Drosophila melanogaster has increased our understanding of the molecular basis of cardiac aging over recent decades. During which, the tools available for investigating the gene expression patterns and physiological changes involved have advanced considerably. In humans, cardiac aging studies are frequently limited to analysis of heart performance, genomic testing, and family history records. While these are highly valuable for understanding genetic and phenotypic trends in cardiac function over time, the ability to non-invasively investigate acute transcriptomic and proteomic changes in human tissue is impossible. Cardiac senescence is a complex event, and evidence supporting the use of Drosophila melanogaster to examine various facets of it that are difficult to study in humans grows each year. It is clear from the information presented here that multiple conserved changes inside the cell and in the ECM contribute to the overall decline in heart function over time, and there is not likely a single molecular target that will reverse this deterioration (Figure 3). Thus, the molecular mechanisms behind the physiological changes of the aging heart must be studied further, and the Drosophila model with its limited redundancy of conserved pathways continues to be valuable for such studies.

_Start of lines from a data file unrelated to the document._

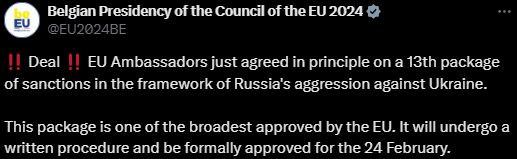 "Послы ЕС только согласовали принципиально 13-й пакет санкций в рамках агрессии России против Украины. Этот пакет является одним из самых широких, утвержденных ЕС. Он пройдет письменную процедуру и будет официально утвержден 24 февраля", – говорится в сообщении.
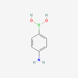 This compound hydrochloride (4-APBA HCl) is an organic compound featuring both an amino group and a boronic acid moiety. Its hydrochloride form generally enhances its stability and solubility in aqueous solutions.[1] This compound is a crucial building block in organic synthesis, particularly in Suzuki-Miyaura cross-coupling reactions for the formation of carbon-carbon bonds.[1] In the realm of drug development and biochemical research, it is recognized for its ability to form reversible covalent bonds with diols, making it valuable for the development of sensors, targeted drug delivery systems, and as an inhibitor of certain enzymes like serine proteases.[1][2]
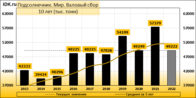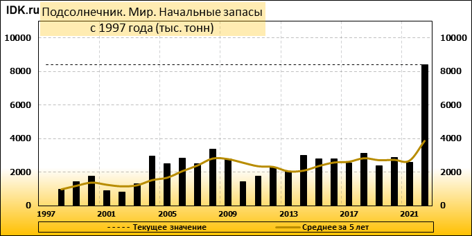 Согласно июньскому отчету МСХ США, мировое производство подсолнечника в 2022/23 году сокращено на 1,50 млн. тонн или 2,96 процента по сравнению с предыдущим месяцем до 49,22 млн. тонн. Сокращение полностью приходится на Украину, прогноз для которой снижен с 11,00 до 9,50 млн. тонн. Экспорт подсолнечного масла и шрота из Украины в 2022/23 году снижен на 200 тыс. тонн для каждого продукта вслед за снижением производства. Мировые конечные остатки подсолнечника в 2022/23 году снижены с 7,6 млн. тонн до 7,4 млн. тонн.
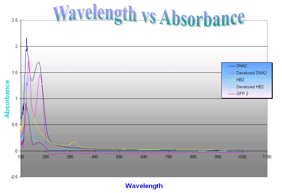 smaller absorbance. The GFP curve peaks around 210nm and
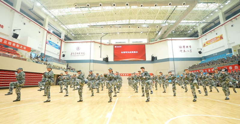 参训学生进行停止间转法、行进与立定训练科目和军体拳的展示。全体新生身着戎装,拉歌较量,合唱《强军战歌》,向祖国庄严、深情地告白,传递出新时代青年矢志在强国建设、民族复兴伟业中挺膺担当的坚定决心。
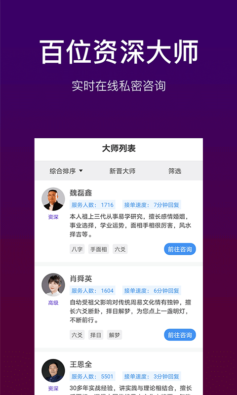 1.让用户快速掌握高人占卜app,让每个用户都能得到专业科学的服务。
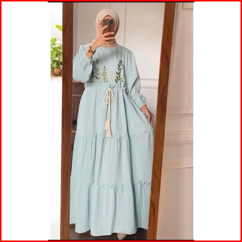 Gheisa Dress Gamis Bordir Wanita Pure Linen Premium
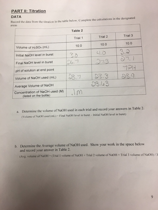 Solved PART II Titration DATA Record the data from the Titration Calculations Table Find a table of common acids and bases and their strengths, and. Results should be clearly recorded in a table. At the equivalence point in a neutralization, the moles of acid are equal to the moles of base. See video, diagrams, and equations. learn how to predict the ph and solution composition at various points in a titration using. Titration Calculations Table.
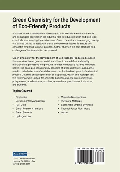 In today's world, it has become necessary to shift towards a more eco-friendly and sustainable approach in the industrial field to reduce pollution and stop toxic chemicals from entering the environment. Green chemistry is an emerging concept that can be utilized to assist with these environmental issues. To ensure this concept is employed to its full potential, further study on the best practices and challenges of implementation are required. Green Chemistry for the Development of Eco-Friendly Products discusses the main objective of green chemistry and how it can redefine and modify manufacturing processes and products in order to decrease hazards to human health. The book also considers key concepts of green chemistry, such as the need to make better use of available resources for the development of a chemical process. Covering critical topics such as bioplastics, waste, and hydrogen law, this reference work is ideal for chemists, business owners, environmentalists, policymakers, academicians, scholars, researchers, practitioners, instructors, and students.
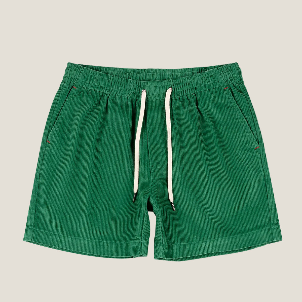 Design: Corduroy shorts with elastic waistband, adjustable drawstring and side pockets
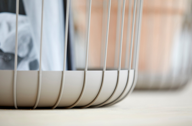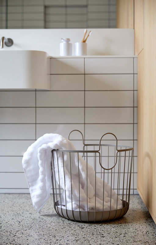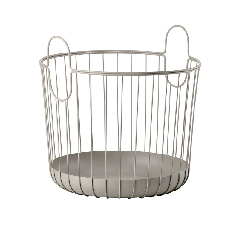 Elegancki metalowy kosz na ręczniki lub pranie w łazience, poduszki, koce i czasopisma w salonie – lub na duże, zielone rośliny w całym domu. Kosze są dostępne w dwóch rozmiarach i można je układać jeden na drugim.

Moreover, the fly is ideally suited for probing epigenetic plasticity and drift since environmental cues can be tightly controlled and the genetics and epigenetics precisely manipulated. Overall, understanding the mechanisms behind known physiological and molecular hallmarks of cardiac aging is essential to improving heart health in our aging populations.

Figure 3: Hallmarks of cardiac aging are shared across species.

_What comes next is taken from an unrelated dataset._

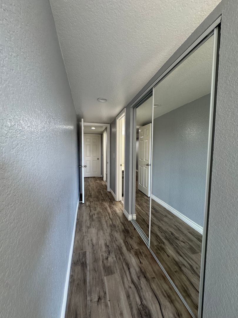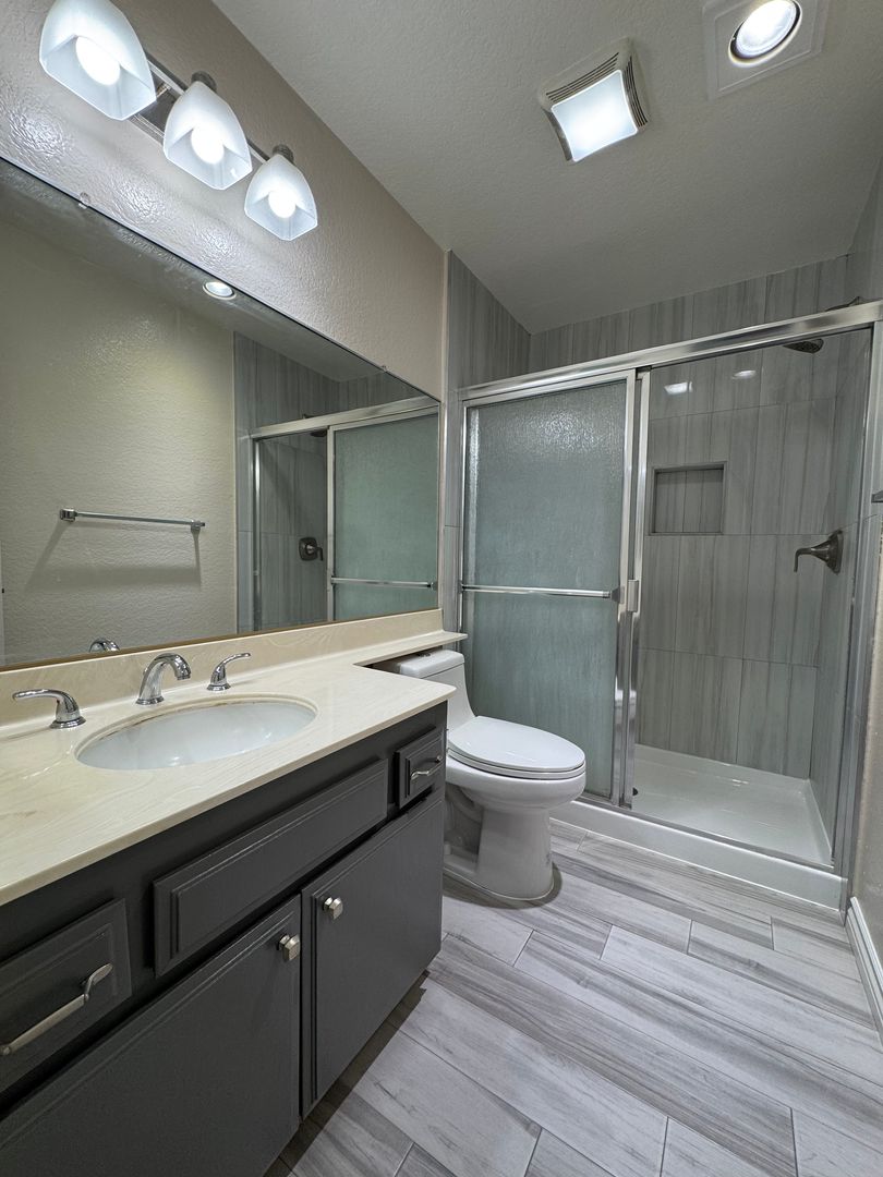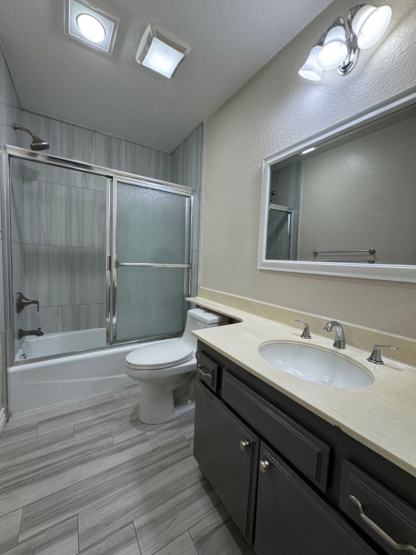 The bedrooms feature attractive laminate flooring and generous closet space with mirrored sliding doors. One bathroom includes a walk-in shower, while the second bathroom offers a full tub and shower, ideal for unwinding at the end of the day.

The changes reported above are well-conserved, highly interdependent, and contribute to a decline in overall cardiac function over time. Note that some changes may arise in response to others and should be studied in more depth. RA = right atrium, RV = right ventricle, LA = left atrium, and LV = left ventricle. Arrows indicate flow direction.

Highlights:

• We review evidence supporting the use of Drosophila melanogaster as a model for studying age-associated changes to cardiac function in humans.

• The review highlights important organ, tissue, cellular, and molecular similarities that exist between Drosophila and mammalian models.

• There is specific reference to the technical and genetic tractability of Drosophila as a model for ageing studies, especially evolutionarily-conserved phenotypes associated with the heart’s contractility, calcium handling, extracellular matrix deposition, proteostasis, metabolism, and epigenetics.